STATUS (original): OPEN. Pre-existing + orthogonal; surfaced (not introduced) by NL.1. Manager-verified independent of the numeric-limit accessors. Scheduled separately.

Symptom

print("{}", x) mis-renders the integer extremes the s64-based formatter can't represent:

  • i64::MIN (-9223372036854775808) prints a bare - (the minus sign with NO digits).
  • An unsigned all-ones value (e.g. u64.max = 18446744073709551615) prints -1 (the i64 bit-reinterpretation), not the unsigned decimal.

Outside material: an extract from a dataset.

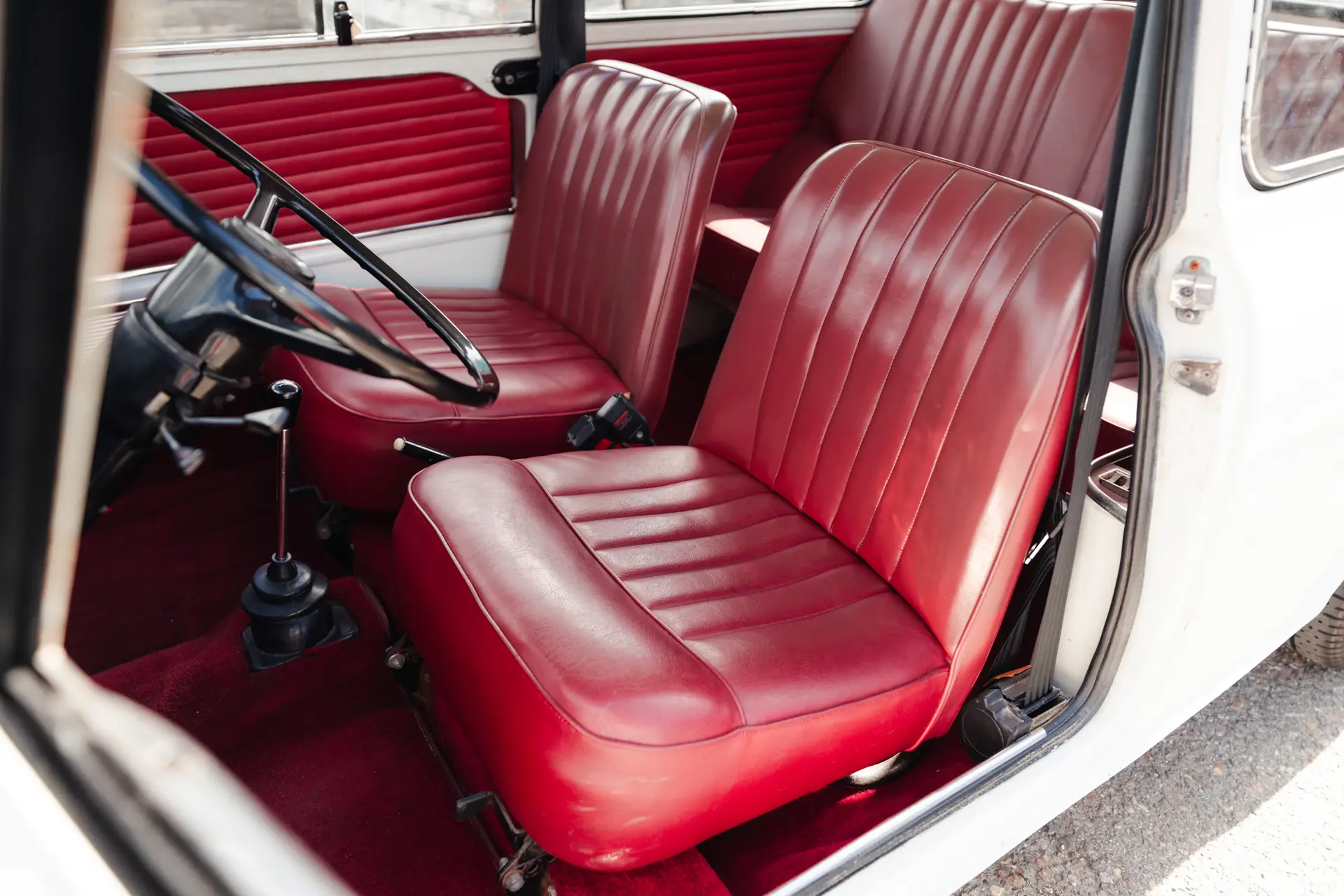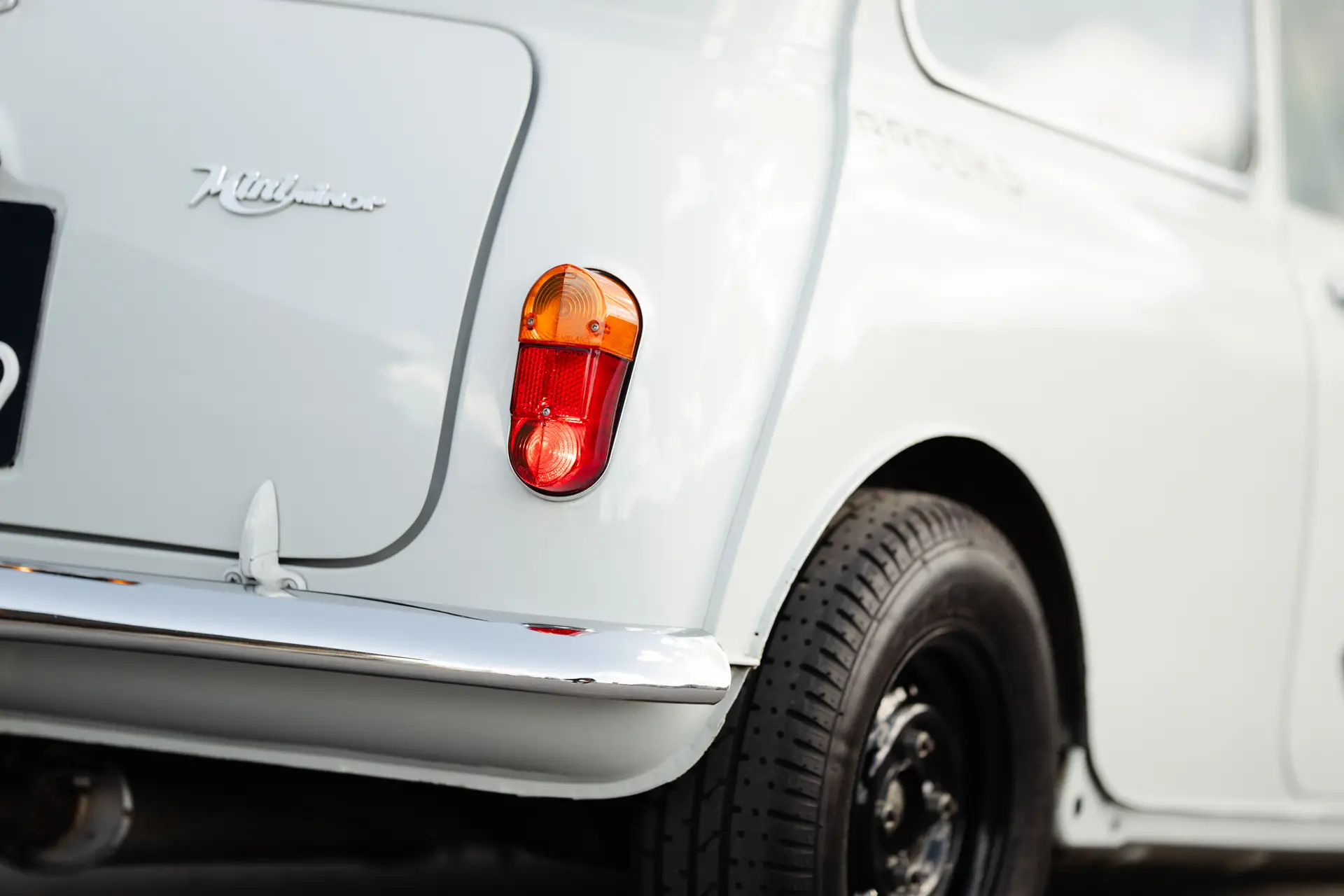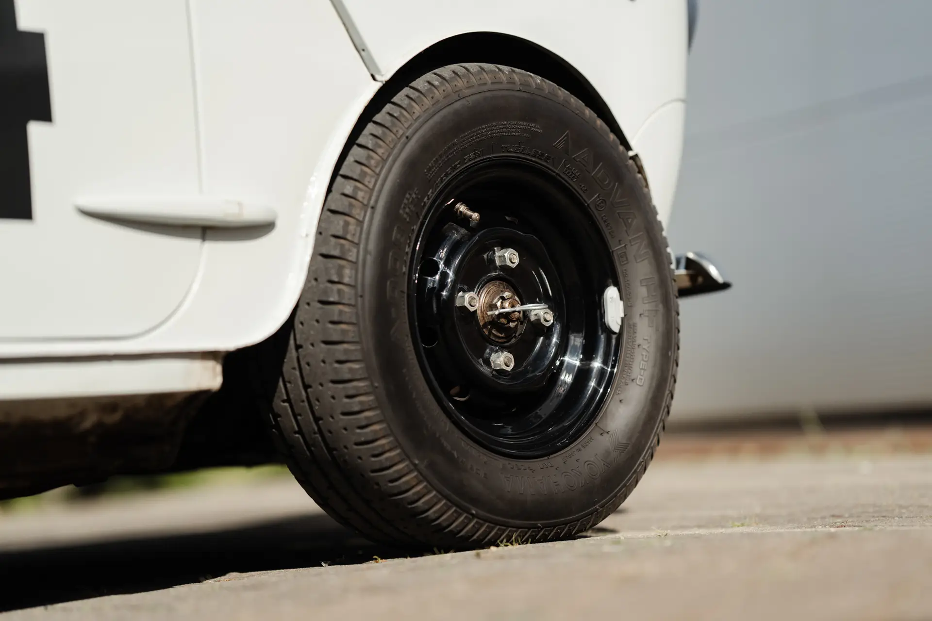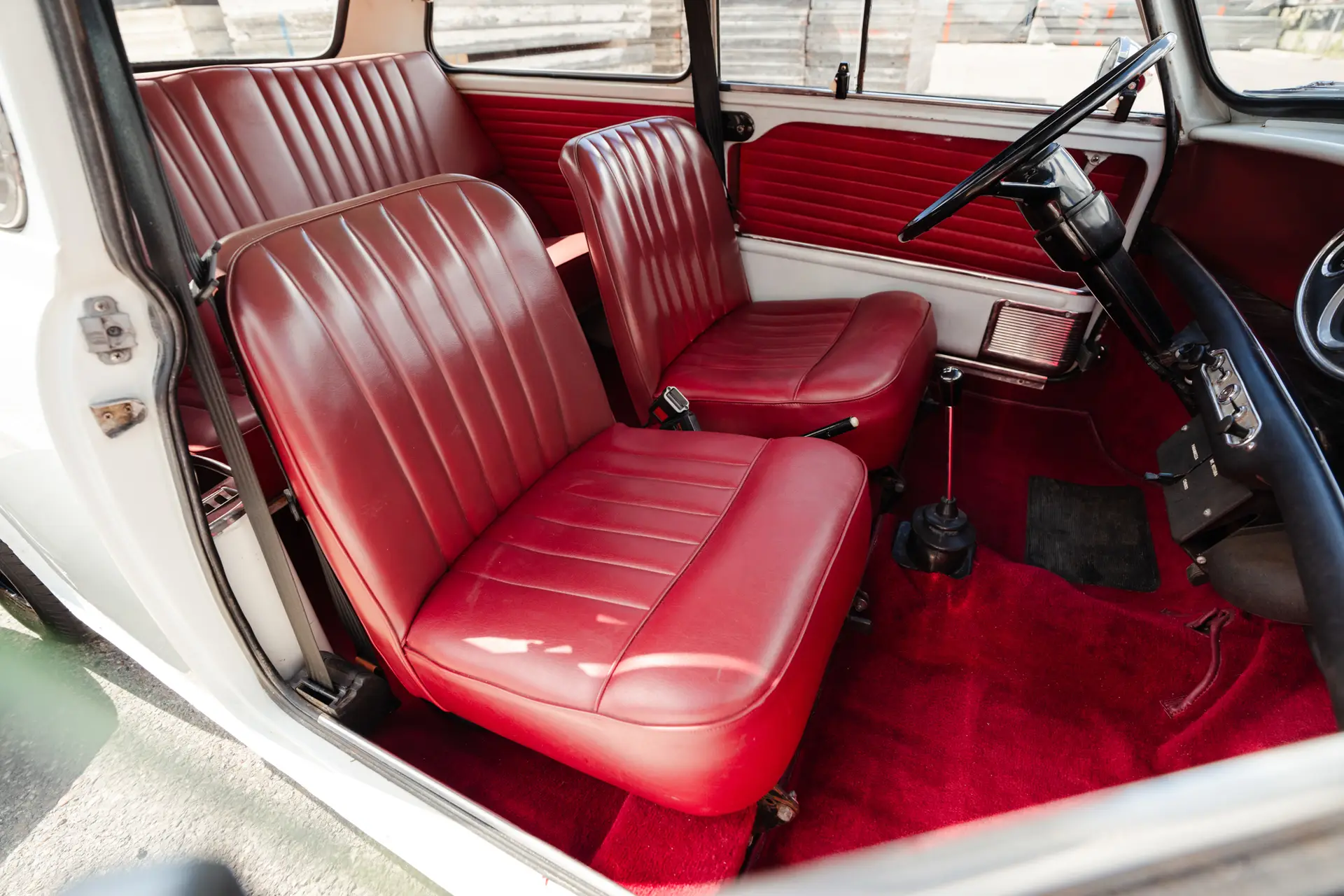 This isn’t your typical classic Mini. It’s not even just another one-of-a-kind, unwelded Mini MK1. What we have here is a bespoke creation from Brooks Build, born from a 1967 Innocenti Mini Minor MK1 we personally brought straight from Italy. Under the hood, we now find a 1300 engine with significantly more power than the original. To bring this power to a stop, we have installed disc brakes at the front. The suspension of this Mini is hydrolastic, making the car very comfortable. The good sound insulation, which was standard behind the firewall in Italy, also helps a lot.

Reproduction (no numeric-limit accessor needed — pre-existing)

#import "modules/std.sx";
main :: () {
    x := -9223372036854775807 - 1;   // i64::MIN
    print("min={}\n", x);            // prints "min=-"  (should be -9223372036854775808)
}

u64.max (via the NL.1 accessor, or any all-ones u64) prints -1 for the same root reason.

Root cause (suspected)

The integer-to-string path is s64-based (std.int_to_string / the {} formatter takes s64): it negates the value to print the sign, but -i64::MIN overflows, and it has no unsigned-aware path so an all-ones u64 is read as -1. Needs a width/ signedness-aware integer formatter (format by the value's actual integer TYPE: unsigned types print the unsigned decimal; signed MIN is handled without negating).

Investigation prompt

Make the {} integer formatter type-aware: render an unsigned integer as its unsigned decimal (all 64 bits for u64), and handle signed MIN without the -MIN overflow (e.g. format the magnitude via unsigned arithmetic, or special-case MIN). Verify: i64::MIN prints -9223372036854775808; u64.max prints 18446744073709551615; existing numeric output (incl. the NL.1 examples, which assert via bit-reinterpret) stays green. Likely area: the formatter / int_to_string in the std print path and/or the comptime {} lowering.